Lantas kenapa hidupnya malah dipenuhi oleh kegalauan karena dua laki-laki yang tega menyiksa hati dan pikirannya?
Jika, orang lain bertanya padanya, apakah ia menyukai Bara? Mungkin, tapi ia masih belum yakin untuk menjadikannya seorang pacar. Pradita tahu diri sedikit. Ia hanyalah siswa jelata yang tak pantas bersanding dengan siswa tajir sekaligus model yang sudah bisa mencari uangnya sendiri.
Lalu, bagaimana dengan Danu? Laki-laki itu adalah murni sahabatnya. Ini adalah pertama kalinya Danu bersikap aneh seolah-olah ia adalah pacarnya Pradita saja. Mengingat nama Danu hanya membuat mood-nya semakin turun.
Pradita mengeluarkan botol minumnya yang tinggal sedikit dan kemudian meneguknya sampai habis. Ia masih haus. Seharusnya Pradita membawa botol cadangan, tapi ia lupa. Pradita mengecek dompetnya dulu sebelum berniat membeli minum ke kantin.
Ternyata uangnya hanya cukup untuk membayar angkot pulang saja. Ia lupa meminta uang pada ibunya tadi pagi sebelum berangkat sekolah. Itu adalah uang sisa kemarin ia membeli nasi goreng di tempat renang.
Pradita mengurungkan niatnya, jadi ia terpaksa melewati kantin yang melambai-lambai padanya. Ada wangi gorengan; Tante Didin pasti baru saja menggoreng gehu. Pradita mendesah.

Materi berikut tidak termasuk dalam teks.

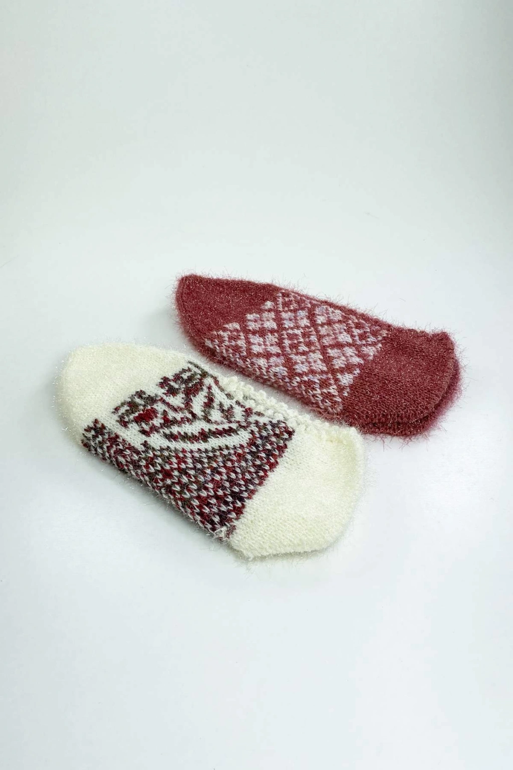 2 Çift El Örgüsü Kışlık Şık Kadın Yün Patik Set 2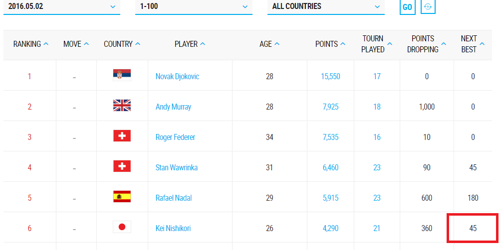 赤枠で囲った「45」が錦織のNEXT BESTです。

Nasib jadi siswa jelata, hanya bisa menggigit jari saat pulang praktikum sore. Syukurlah matahari masih bersinar indah. Pradita senang sekali memperhatikan matahari sore di sekolahnya.
Beberapa temannya masih sempat bermain basket di lapangan meski hanya bertiga. Pradita sudah tidak ada tenaga untuk melempar bola sama sekali. Tenggorokannya haus dan perutnya mulai lapar.
Pradita berjalan melewati lapangan basket dan auditorium, kemudian melewati pekarangan sekolah yang super jauh menuju ke gerbang depan. Seandainya ia punya sepatu roda atau otopet, ia tinggal menggeser-geser sedikit kakinya dan ia sudah tiba di gerbang dengan cepat.
Satpam sekolah, Pak Purwo, tersenyum ke arah Pradita yang dibalasnya dengan anggukan. Pak Purwo memang ramah sekali pada semua anak, tapi jangan salah, kalau sampai ada anak yang terlambat, ia tidak akan segan-segan mengunci gerbang pintu sekolah, kecuali untuk murid yang memang jadwal masuk sekolah siang.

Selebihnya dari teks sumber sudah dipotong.